▸ TASK TO CARRY OUT:
Set down, word for word, every line of the material below from the one containing "e selo amarelo" through the one containing "v = 0 şeklindeki", but none of its pictures.
[Opening EXTRACTED INFORMATION section]
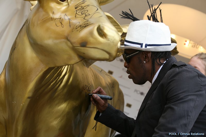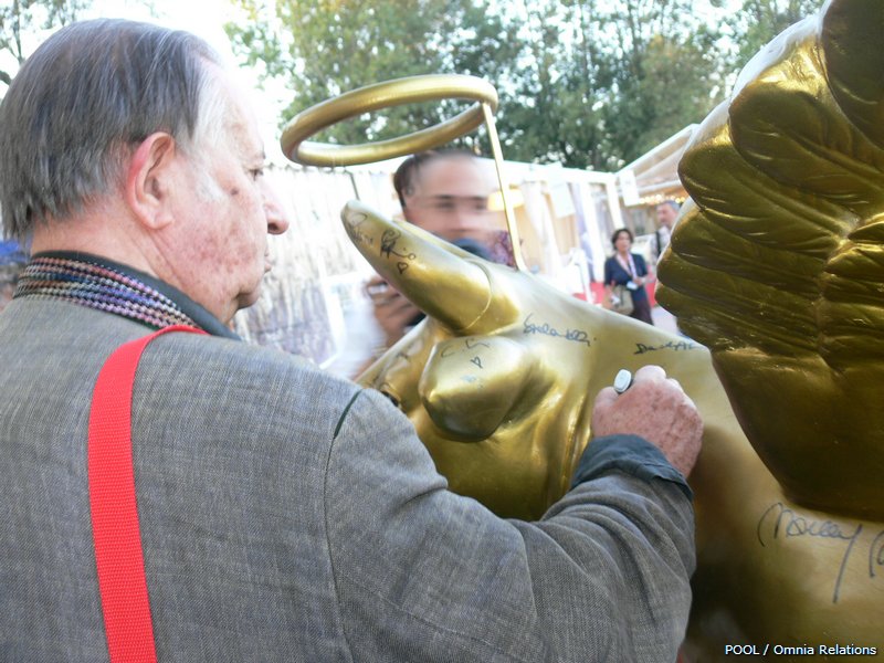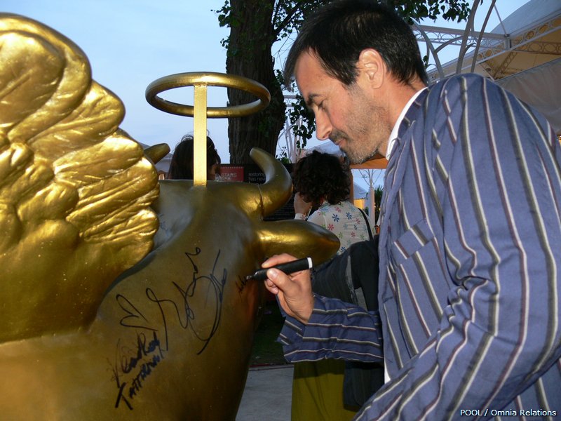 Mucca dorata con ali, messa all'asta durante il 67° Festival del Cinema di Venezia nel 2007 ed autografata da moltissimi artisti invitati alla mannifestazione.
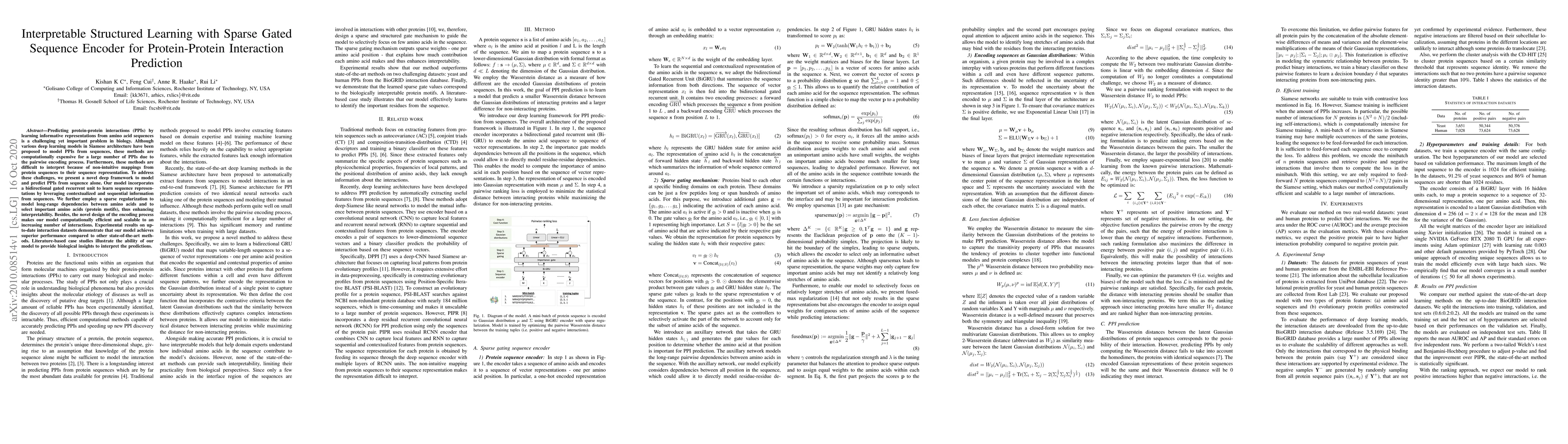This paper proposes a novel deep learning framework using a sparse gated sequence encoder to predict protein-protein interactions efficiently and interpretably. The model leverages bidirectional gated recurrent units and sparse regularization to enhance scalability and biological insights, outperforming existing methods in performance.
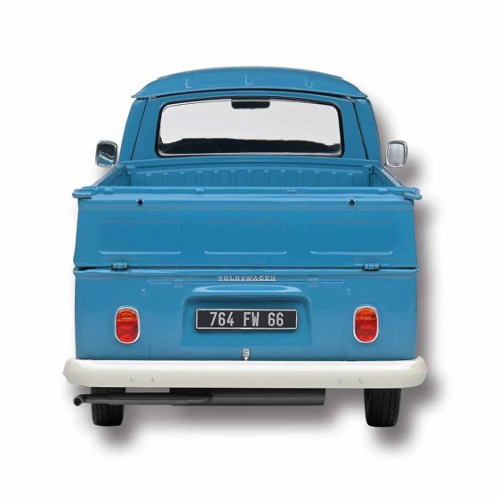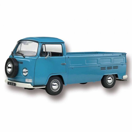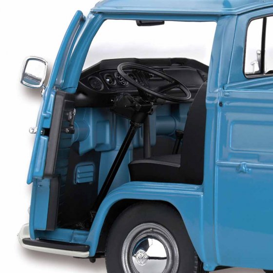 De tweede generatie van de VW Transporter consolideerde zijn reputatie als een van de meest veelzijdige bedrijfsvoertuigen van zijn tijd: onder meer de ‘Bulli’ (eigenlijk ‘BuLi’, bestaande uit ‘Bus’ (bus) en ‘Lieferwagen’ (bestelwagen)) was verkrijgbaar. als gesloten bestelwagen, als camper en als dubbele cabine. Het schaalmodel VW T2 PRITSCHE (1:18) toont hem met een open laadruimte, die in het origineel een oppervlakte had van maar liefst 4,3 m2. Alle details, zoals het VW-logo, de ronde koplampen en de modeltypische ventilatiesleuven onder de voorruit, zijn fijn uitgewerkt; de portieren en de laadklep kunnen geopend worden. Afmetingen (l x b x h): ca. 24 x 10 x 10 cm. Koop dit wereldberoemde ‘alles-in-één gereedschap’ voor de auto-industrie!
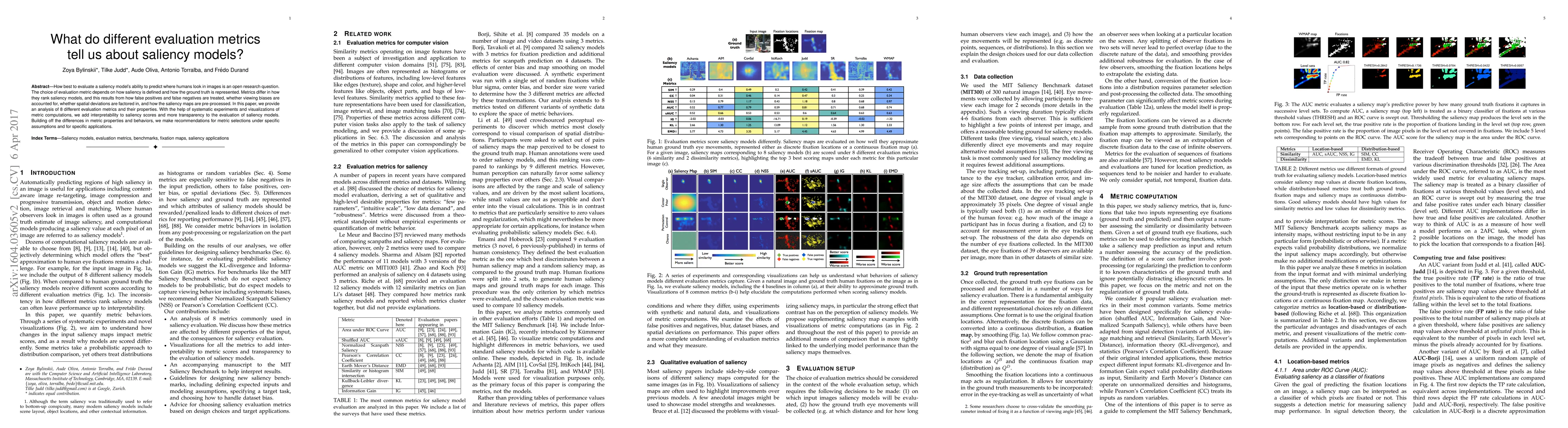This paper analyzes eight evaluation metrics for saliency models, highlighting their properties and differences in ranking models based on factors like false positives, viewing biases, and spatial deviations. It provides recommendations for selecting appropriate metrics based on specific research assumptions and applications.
[Closing EXTRACTED INFORMATION section]
[Opening EXTRACTED INFORMATION section]
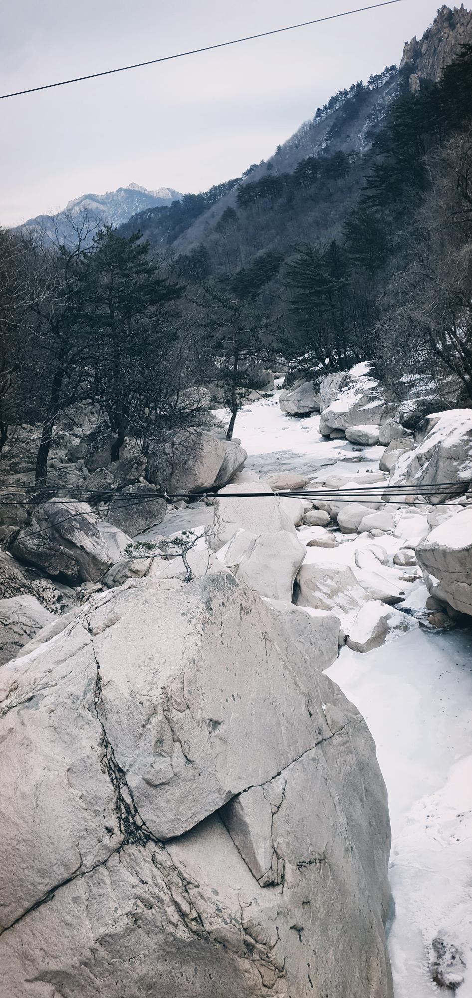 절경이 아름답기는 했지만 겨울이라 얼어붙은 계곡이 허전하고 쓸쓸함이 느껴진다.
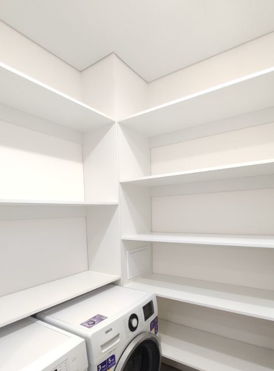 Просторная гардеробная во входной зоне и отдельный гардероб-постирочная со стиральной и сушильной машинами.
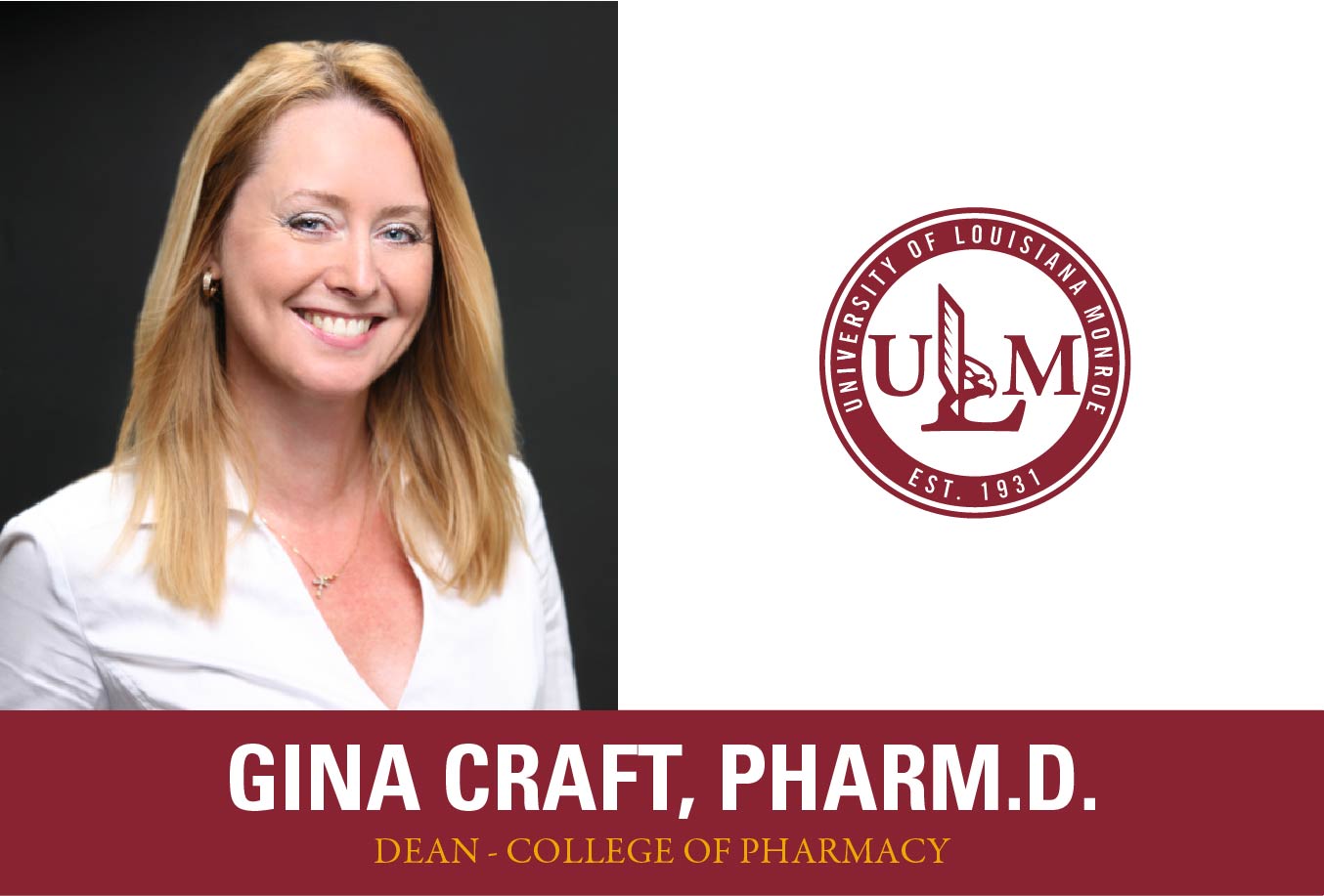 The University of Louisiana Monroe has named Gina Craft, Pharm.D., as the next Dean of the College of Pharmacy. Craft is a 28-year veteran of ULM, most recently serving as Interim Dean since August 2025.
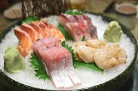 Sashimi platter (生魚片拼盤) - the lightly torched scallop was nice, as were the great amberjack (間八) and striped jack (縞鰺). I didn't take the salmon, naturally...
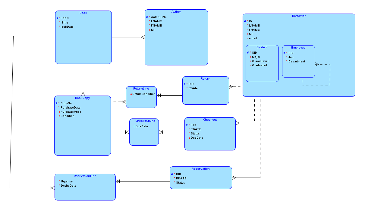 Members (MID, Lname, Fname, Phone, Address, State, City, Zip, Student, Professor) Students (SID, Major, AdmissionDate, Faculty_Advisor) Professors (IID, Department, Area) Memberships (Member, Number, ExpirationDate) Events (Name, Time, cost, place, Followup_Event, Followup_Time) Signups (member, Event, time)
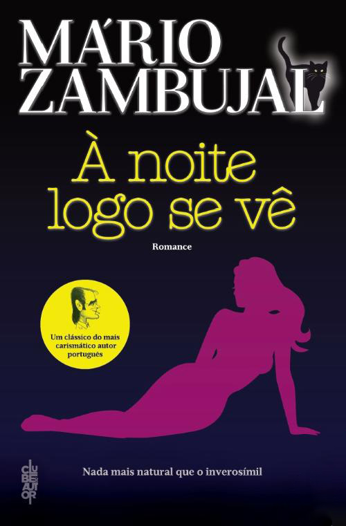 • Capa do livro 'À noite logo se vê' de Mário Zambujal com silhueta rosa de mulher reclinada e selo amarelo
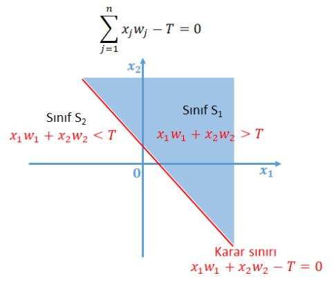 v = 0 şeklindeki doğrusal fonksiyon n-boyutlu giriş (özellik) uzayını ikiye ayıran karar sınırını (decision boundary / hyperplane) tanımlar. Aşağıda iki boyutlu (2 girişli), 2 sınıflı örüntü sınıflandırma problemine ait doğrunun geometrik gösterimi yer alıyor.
[Closing EXTRACTED INFORMATION section]
▸ RESPONSE TO THIS EXERCISE:
 • Capa do livro 'À noite logo se vê' de Mário Zambujal com silhueta rosa de mulher reclinada e selo amarelo
 v = 0 şeklindeki doğrusal fonksiyon n-boyutlu giriş (özellik) uzayını ikiye ayıran karar sınırını (decision boundary / hyperplane) tanımlar. Aşağıda iki boyutlu (2 girişli), 2 sınıflı örüntü sınıflandırma problemine ait doğrunun geometrik gösterimi yer alıyor.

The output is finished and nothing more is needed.